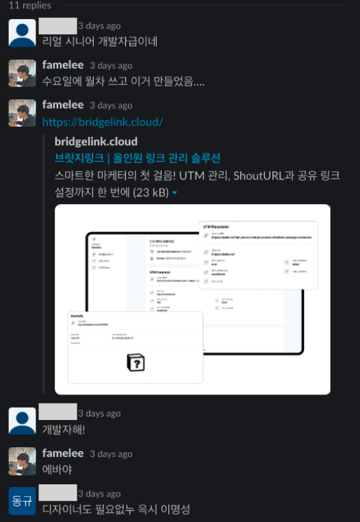 다만, 기존의 관리 방식은 (1) UTM 히스토리 로깅이 힘들고, (2) 여러 명이 함께 사용하는 경우에 자칫 불필요하거나 중복되는 UTM을 생성하는 등의 문제가 있습니다. 이러한 문제를 해결할 수 있는 서비스를 만들면 좋겠다는 생각에서 브릿지링크를 시작했습니다.
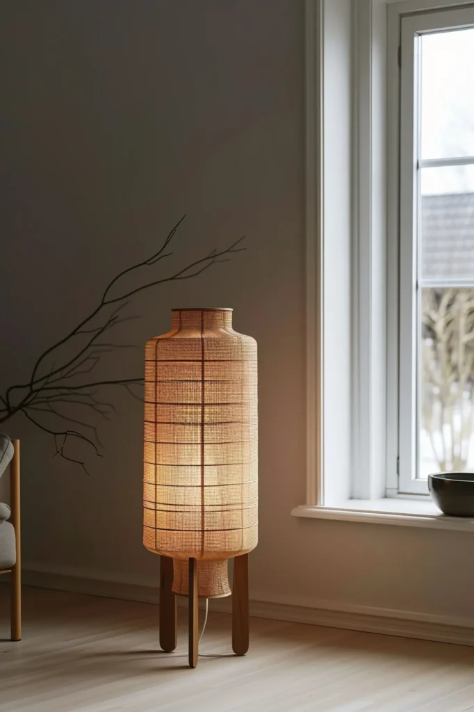 A statement floor lamp can serve as both a light source and a decorative piece in your kitchen. Choose designs that feature clean lines and natural materials to align with the Japandi aesthetic.
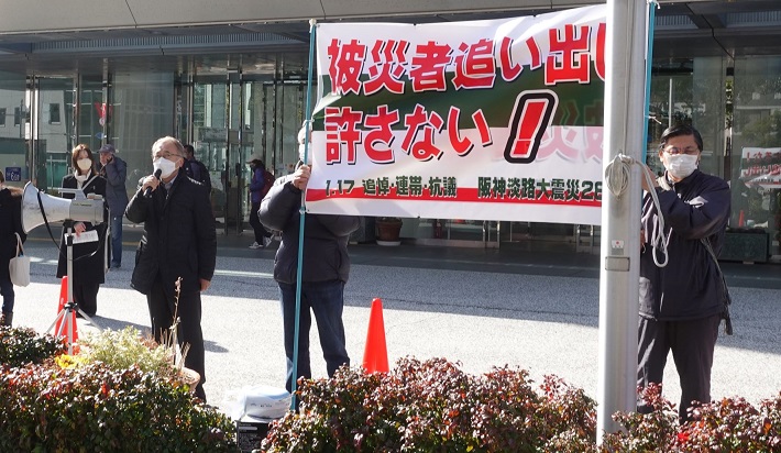 【阪神・淡路大震災から28年】 神戸市役所前でスタンディング 旧「集い実行委員会」の有志ら |
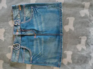 Deliziosa gonna corta/minigonna in jeans denim dal lavaggio chiaro, perfetta per un look casual. Tessuto jeans resistente 100% cotone. Dettagli con cuciture a contrasto. Design con tasche. Chiusura con bottone e zip. Le cerniere delle tasche posteriori hanno dei pendenti a forma di fiorellino leggermente ossidati, che possono essere trattati e riportati allo stato originario. Taglia 42 italiana, veste una S. Misure: lunghezza 36 cm vita 42 cm. Scrivimi in chat per qualsiasi informazione. Sono disponibile a trattative. Applico sconti se si vuole creare un set dal mio guardaroba. Nei miei pacchetti, confezionati con cura, un regalino

__Exercise objective__:
For this exercise, return the data above exactly and leave every picture out.

__Task solution__:
 다만, 기존의 관리 방식은 (1) UTM 히스토리 로깅이 힘들고, (2) 여러 명이 함께 사용하는 경우에 자칫 불필요하거나 중복되는 UTM을 생성하는 등의 문제가 있습니다. 이러한 문제를 해결할 수 있는 서비스를 만들면 좋겠다는 생각에서 브릿지링크를 시작했습니다.
 A statement floor lamp can serve as both a light source and a decorative piece in your kitchen. Choose designs that feature clean lines and natural materials to align with the Japandi aesthetic.
 【阪神・淡路大震災から28年】 神戸市役所前でスタンディング 旧「集い実行委員会」の有志ら |
 Deliziosa gonna corta/minigonna in jeans denim dal lavaggio chiaro, perfetta per un look casual. Tessuto jeans resistente 100% cotone. Dettagli con cuciture a contrasto. Design con tasche. Chiusura con bottone e zip. Le cerniere delle tasche posteriori hanno dei pendenti a forma di fiorellino leggermente ossidati, che possono essere trattati e riportati allo stato originario. Taglia 42 italiana, veste una S. Misure: lunghezza 36 cm vita 42 cm. Scrivimi in chat per qualsiasi informazione. Sono disponibile a trattative. Applico sconti se si vuole creare un set dal mio guardaroba. Nei miei pacchetti, confezionati con cura, un regalino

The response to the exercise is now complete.